(EXERCISE GOAL) The answer is a stretch of the material below, returned exactly: the line containing "Предметом диссертационного исследования", the line containing "Mission for a", and all lines between.
++++ SOURCE DATA
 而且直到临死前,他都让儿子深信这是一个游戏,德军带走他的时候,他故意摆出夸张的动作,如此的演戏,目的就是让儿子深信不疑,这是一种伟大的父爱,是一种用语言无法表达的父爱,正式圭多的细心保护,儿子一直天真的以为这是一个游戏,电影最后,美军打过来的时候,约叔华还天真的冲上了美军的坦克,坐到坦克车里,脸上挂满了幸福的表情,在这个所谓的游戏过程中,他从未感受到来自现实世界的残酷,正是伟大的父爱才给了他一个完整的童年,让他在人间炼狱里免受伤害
++++++++
++++ SOURCE DATA
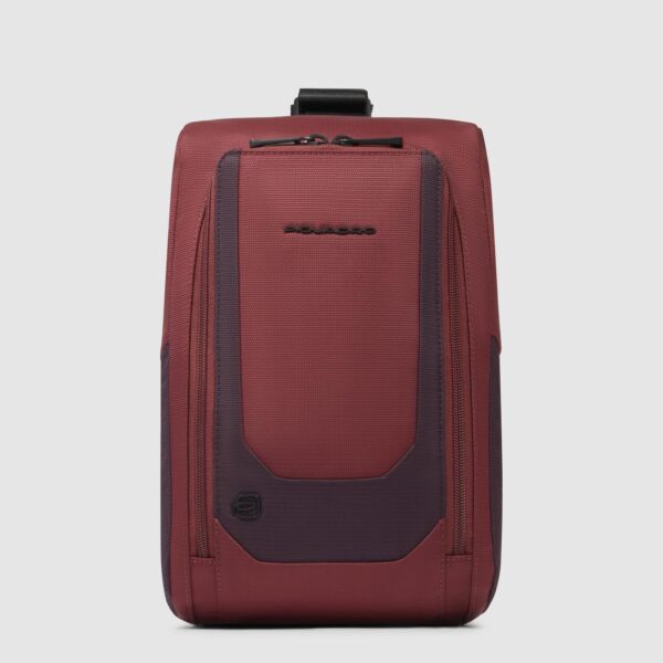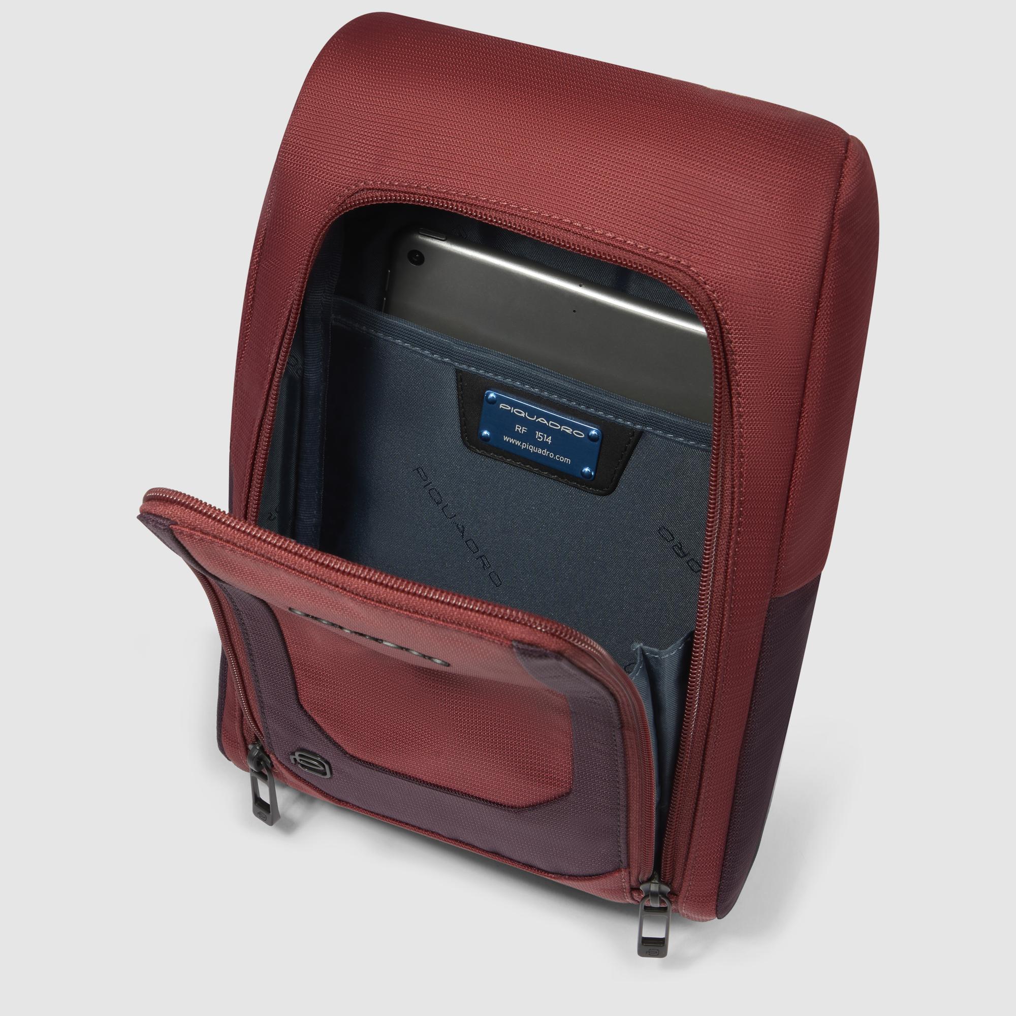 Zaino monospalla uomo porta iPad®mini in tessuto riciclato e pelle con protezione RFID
++++++++
++++ SOURCE DATA
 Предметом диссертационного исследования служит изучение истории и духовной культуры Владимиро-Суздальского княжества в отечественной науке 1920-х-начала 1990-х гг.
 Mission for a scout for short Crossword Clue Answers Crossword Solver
++++++++
(FINAL ANSWER)
 Предметом диссертационного исследования служит изучение истории и духовной культуры Владимиро-Суздальского княжества в отечественной науке 1920-х-начала 1990-х гг.
 Mission for a scout for short Crossword Clue Answers Crossword Solver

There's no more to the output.